The http interface for receiving heartbeat packets:

@RestController
@RequestMapping(UtilsAndCommons.NACOS_NAMING_CONTEXT + "/raft")
public class RaftController {
 
    ......
 
    @NeedAuth
    @RequestMapping(value = "/beat", method = RequestMethod.POST)
    public JSONObject beat(HttpServletRequest request, HttpServletResponse response) throws Exception {
        String entity = new String(IoUtils.tryDecompress(request.getInputStream()), "UTF-8");
        String value = URLDecoder.decode(entity, "UTF-8");
        value = URLDecoder.decode(value, "UTF-8");
 
        // Analysis of Heart Packet
        JSONObject json = JSON.parseObject(value);
        JSONObject beat = JSON.parseObject(json.getString("beat"));
 
        // Processing heartbeat packets and returning information from this node as response
        RaftPeer peer = raftCore.receivedBeat(beat);
        return JSON.parseObject(JSON.toJSONString(peer));
    }
 
    ......
}

HeartBeat.receivedBeat() handles heartbeat packets

  • If the node receiving the heartbeat is not the Follower role, it is set to the Follower role and its voteFor is set to the ip of the Leader node.
  • Reset the heart timeout and election timeout of the local node;
  • Calling PeerSet.makeLeader() notifies this node to update the Leader; (that is, the Leader node notifies other nodes to update the Leader by heartbeat)
  • Check Datum:

Traverse through the datums in the request parameters, and collect the datumKey if Follwoer does not have the datumKey or if the timestamp is old.

Every 50 datum keys are collected, requests are sent to the / v1/ns/raft/get path of the Leader node.
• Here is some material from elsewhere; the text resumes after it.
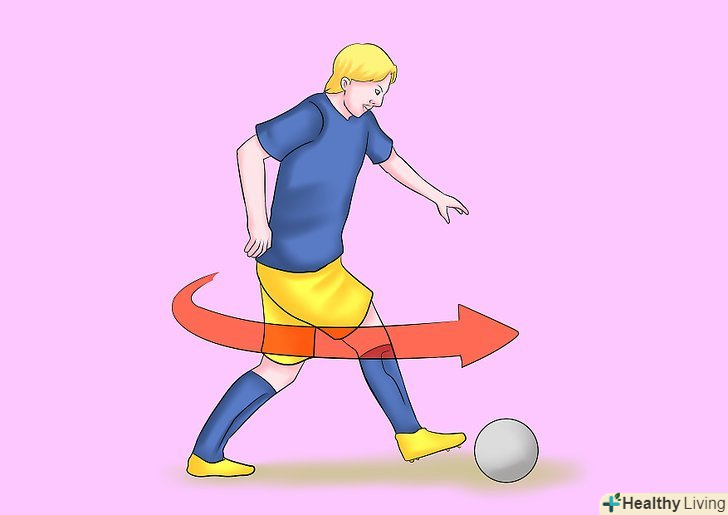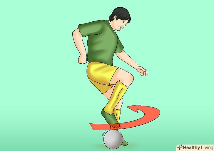 - Ведучи м'яч на зручній для вас швидкості, наступите на м'яч провідною ногою, щоб зупинити його і розгорніть тіло на 180 градусів. Якщо ви наступаєте на м'яч правою ногою, то розвертайтеся через ліве плече, поки не побачите те, що було ззаду.

The request parameters are 50 datum keys and 50 latest Datum objects are obtained.

Traversing through these Daum objects, the next step is to do something similar to what is done in the RaftCore.onPublish() method:
1. Call RaftStore write to serialize Datum into json and write it to cacheFile
2. Store Datum in RaftCore's datums collection with key as the key value of the above datum
3. Update election timeout of local nodes
4. Update the term term of the local node
5. term persistence of local node to properties file
6. Call notifier.addTask(datum, Notifier.ApplyAction.CHANGE);

Notify the corresponding RaftListener

RaftCore.deleteDatum(String key) is used to delete old Datum
Delete the Datum corresponding to the key in the datums collection;
RaftStore.delete(), delete the Datum file on disk;
notifier.addTask(deleted, Notifier.ApplyAction.DELETE) notifies the corresponding RaftListener of a DELETE event.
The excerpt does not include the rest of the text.